As Maine, one of least diverse states in the nation, gets slightly less homogenous, challenges will arise, mostly out of our own heads.

There is, of course, the conflict that comes out of hate and misunderstanding.

But there is also the inadvertent isolation of minorities. It’s hard for even well-meaning members of Maine’s overwhelmingly white majority to put themselves in the shoes of Mainers from different backgrounds and cultures, and as a result people get left out.

As a state, we need to recognize these blind spots. Some schools are already doing so.

This year, three school districts in central Maine, as well as Yarmouth High School, have adopted policies to add holidays from minority religions to the school calendar. At least two other school districts — Lewiston and Cape Elizabeth — have long had similar policies.

Such policies don’t appear to be widespread, however, and last week the Augusta school board rejected the policy. The reasons are revealing.

The proposal failed even though more than 70 community members had come forward in support at a previous meeting, and no one spoke against the proposal during final discussion Nov. 14.

Board members said that Augusta schools are welcoming and tolerant, and that teachers and administrators already take great pains to accommodate students of all religions.

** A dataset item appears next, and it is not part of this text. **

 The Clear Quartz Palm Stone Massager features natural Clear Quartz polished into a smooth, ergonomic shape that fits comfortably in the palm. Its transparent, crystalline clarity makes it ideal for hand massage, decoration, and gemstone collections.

That may be true, but it hasn’t been enough. Parents have said that school trips and other events have been scheduled on Rosh Hashanah, the Jewish New Year, and the first day of Ramadan, a holy month on the Islamic calendar.

The group that has pushed for the policy in central Maine, formed out of Temple Beth El in Augusta, said they simply want those and other holidays listed on the calendar so that schools can avoid conflicts “to the best of their abilities,” as the policy states. The listings would be a reminder to teachers and administrators who don’t observe such holidays as Eid al-Fitr or Yom Kippur, and thus may not know when they fall.

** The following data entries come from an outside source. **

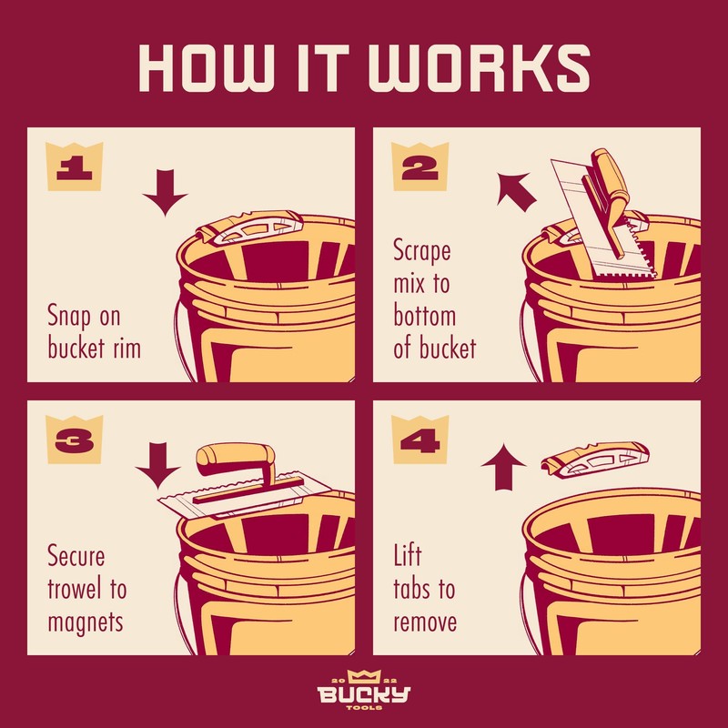 Bucky Tools Bucky Scrape – Universal 5-Gallon Bucket Trowel Scraper for Tile Work, Stainless Steel Edge Preserves Wet Mix And Reduces Waste, Magnetic Holder Secures Tools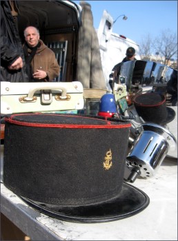 Once you’ve arrived, take a deep breath. Keep your head. Throughout the flea market, you’ll find scads and gads of vintage clothes, along with perfume bottles, belts, bags, hats, hat boxes, jewelry, sunglasses, and shoes. Also, watch out for haute couture labels.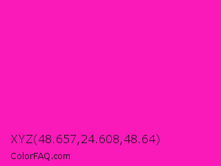 XYZ 48.657,24.608,48.64 Color is a normal magenta color and the nearest color is Shocking Pink #fc0fc0. Hex code #fa1aba and RGB value is rgb(250,26,186). In RGB color space, this color is composed of 98% red, 10% green, 73% blue, In CMYK color space, this color is composed of 0% cyan, 90% magenta, 26% yellow , 2% black , In HSL color space, this color has a hue angle of 317° , 96% saturation and 54% lightness.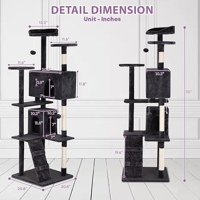 70 inches Cat Tower for Indoor Cats Multi-Level Cat Condos for XL Cat Tree Cat Climbing Tower with Scratching Posts, Hanging Toys,Dark Gray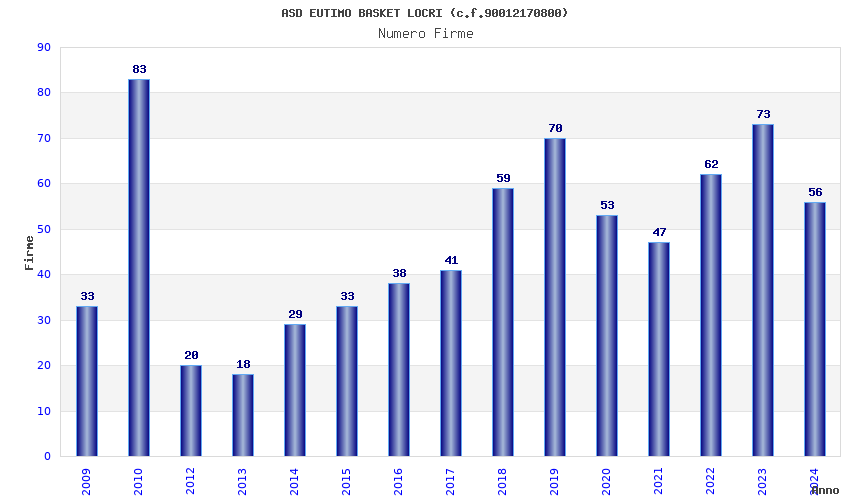 | 2010 | 83 | 3.162,77 | 38,11 | 12.158 | 242 | 79 | 2 |

They are not asking for additional days off, or that every event on a holy day be canceled; they are simply asking that non-Christian students be given consideration when possible. They are not seeking special rights, only that non-Christian students be given something close to the same treatment Christian students have always received by default.

An Augusta eighth-garder who spoke in front of the school board — a Buddhist and first-generation American — said her teachers clearly want the best for all students; the calendar listings would be a gentle reminder so that they don’t fall short.

After all, most Mainers have lived their whole lives around a calendar built for Christian holidays. They have never had to consider how the use of that calendar effects Muslims, Buddhists or Sikhs.

The schools that adopt such policies won’t be able to accommodate every holiday. But they will do better.

What’s more, they’ll send a clear message to minority students that they will be heard — that they are worthy of consideration.

That’s not a small thing in a state where white students are least likely to see someone of another race, and where minority students are unlikely to have a minority teacher, even in very diverse school districts.

Unfamiliarity and lack of representation breed misunderstanding — and worse. School calendar policies go the other way — they are a formal statement that every student is worthy of our consideration.